Adult dosage for adjunctive treatment for the relief of skeletal muscle spasm due to reflex spasm to local pathology, spasticity caused by upper motor neuron disorders, athetosis, and stiff-man syndrome (e.g., inflammation of the muscles/joints secondary to trauma, cerebral palsy, paraplegia) is 2 to 10 mg orally 3 to 4 times a day and Parenteral,  5 to 10 mg IM or IV, then 5 to 10 mg IM or IV in 3 to 4 hours if necessary.

Patients should avoid taking Valium if they are allergic to diazepam or have the following diseases.

  • Myasthenia gravis is a disease that affects the muscles of the arms and legs (a muscle weakness disorder)
  • A serious respiratory issue
  • Sleep apnea is a condition in which a person stops breathing while sleeping (breathing stops during sleep)
  • Glaucoma with a narrow-angle
  • Open-angle glaucoma that is untreated or uncontrolled.
  • Severe liver disease.

Conclusion: Valium and Ativan

Conclusively, it is clear that both medicines Valium and Ativan have similar natures and are almost similar effects on the disease of anxiety disorder, depression, and pain. However, diazepam and lorazepam differ in potency and in the time course of their action. Moreover, diazepam has an equivalent opioid nature compared to lorazepam.

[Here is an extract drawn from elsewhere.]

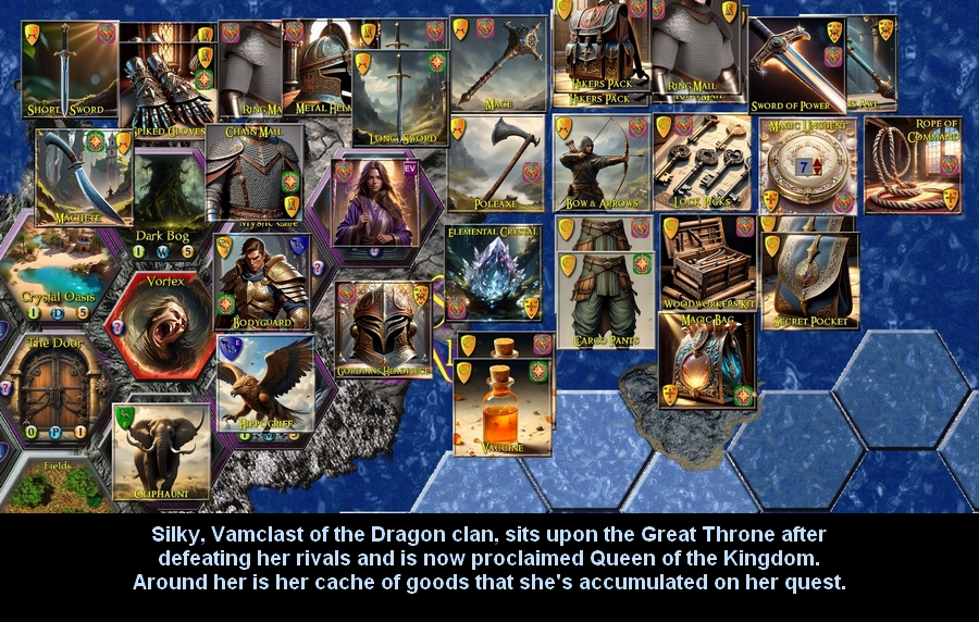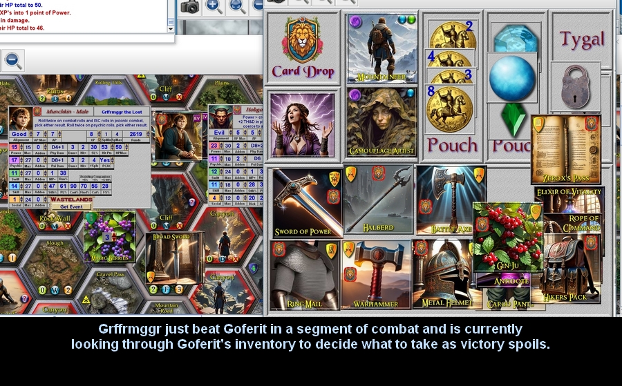 I've had a fully operational version of it for the last few years and my buddies and I have had some grand campaigns lasting 3 to 5 games sessions. So, why haven't I distributed it publicly? Well, I'm not an artist. The game has 2000+ graphics and, since I've always intended to distribute the game freely once it was complete, I didn't see the point in spending thousands of dollars hiring a bunch of artist to make game graphics ...especially considering that, over time, I've already spent about $2000 on it. Because of this, all the graphics used in the game have been downloaded from the web. This is fine for private use but without the rights to any of this artwork, I didn't want to be passing around copies without permission.

Additionally, diazepam is better absorbed after oral administration than lorazepam. In addition, 10 mg of diazepam is equivalent to Lorazepam 2-2.5 mg, and Ativan (lorazepam) has fewer drug interactions than Valium (lorazepam). Thus it has been proven that Valium (Lorazepam) is more effective in the treatment of anxiety, depression, and pain than Ativan (lorazepam).

All benzodiazepines, including Valium (diazepam) and Ativan (lorazepam), can exacerbate opioid-induced respiratory depression. When Valium (diazepam) or Ativan (lorazepam) is used alongside opioids like hydrocodone or morphine, significant respiratory depression and sedation can occur, leading to coma or death. If this combination is medically required, patients should be constantly watched and the combination should be administered for the minimal possible feasible.